NURSUNA MEMECAN: “Liderin sözünün üstüne söz mü söylenirmiş” anlayışının pekiştiği bir ortamda “kürtaj yasaklanmamalı” açıklamasını yapan AK Parti Milletvekili Nursuna Memecan...
KEMAL KILIÇDAROĞLU: Şair Abdurrahim Karakoç’un cenaze namazına katılarak dünya görüşü farklılığını, ülkenin değerine saygı göstermeye engel olmadığını gösteren CHP Lideri Kemal Kılıçdaroğlu...
TAKVİM GAZETESİ: Kategorik olarak “yandaş gazeteler” arasında sayılmasına karşın “pankart açan gençlere verilen ceza” konusunda dün manşetinden şahane bir tepki gösteren Takvim gazetesi...
- Bakalım ilk önce şu cümleleri kimden işiteceğiz: “Arena’yı doldurmak marifet değilmiş, bakın Madonna da doldurdu, üstelik epey tuzlu bilet parası karşılığında...”
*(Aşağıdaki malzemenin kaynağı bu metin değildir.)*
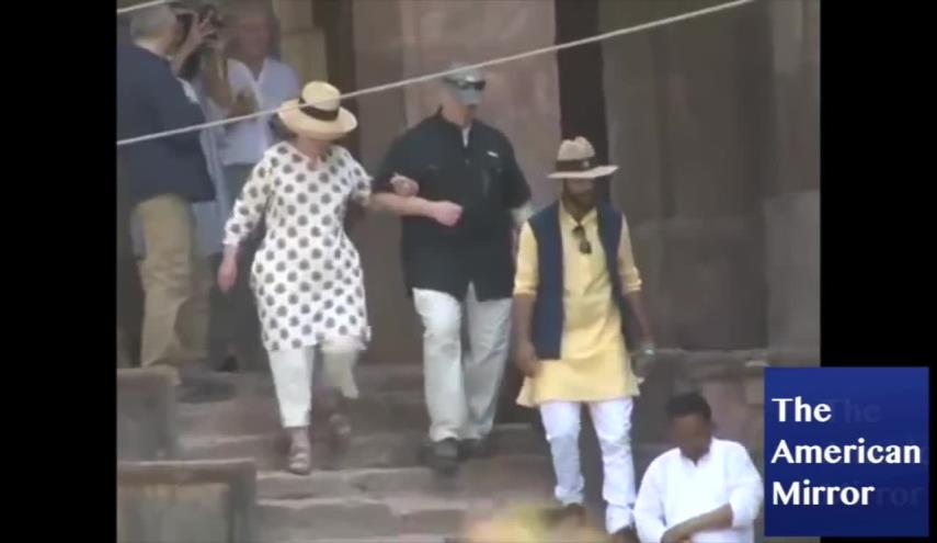شاهد بالفيديو.. هيلاري كلينتون تتعرض لموقف محرج في الهند

- “Madonna konserine gidilirken ne giyilir” başlıklı birkaç yazı okumuştum. Hepsinin ortak vurgusu şunaydı: “Rahat olun, kasmayın”. Klasik müzik konserine gider gibi giyinmiş erkekleri, ince topuklu ayakkabılarıyla stada girmeye çalışan kadınları görünce “demek ki herkes okumamış o yazıları” dedim.
- Sanatçılar yoğun ilgi göstermiş konsere... Ben sadece Ebru Gündeş’i gördüm. Uzaktan selamlaştık kendisiyle... Ha bir de Meltem Cumbul’u gördüm... Yüz hatlarına “yurtta barış/dünyada barış” ifadesi yayılmıştı.
- Madonna’dan “politik bir mesaj” bekleniyordu. Hiç değilse “benim bedenim/benim kararım” türü bir çıkış... Yakışırdı da kendisine... Fakat heyhat... Hadi “aşırı laik” bir çıkış yapayım: “Korku imparatorluğu” onu da mı sarmış ne!
- Sahneyi çok uzaktan gören bir yerdeydim. “Keşke bir dürbün getirseymişim” dedim. Evet, itiraf ediyorum, bunu dedim.
- İşi bilenler “ses düzeni çok kötü” falan dediler. İyiyle kötüyü ayırt edecek durumda olmadığım için benim için hava hoştu.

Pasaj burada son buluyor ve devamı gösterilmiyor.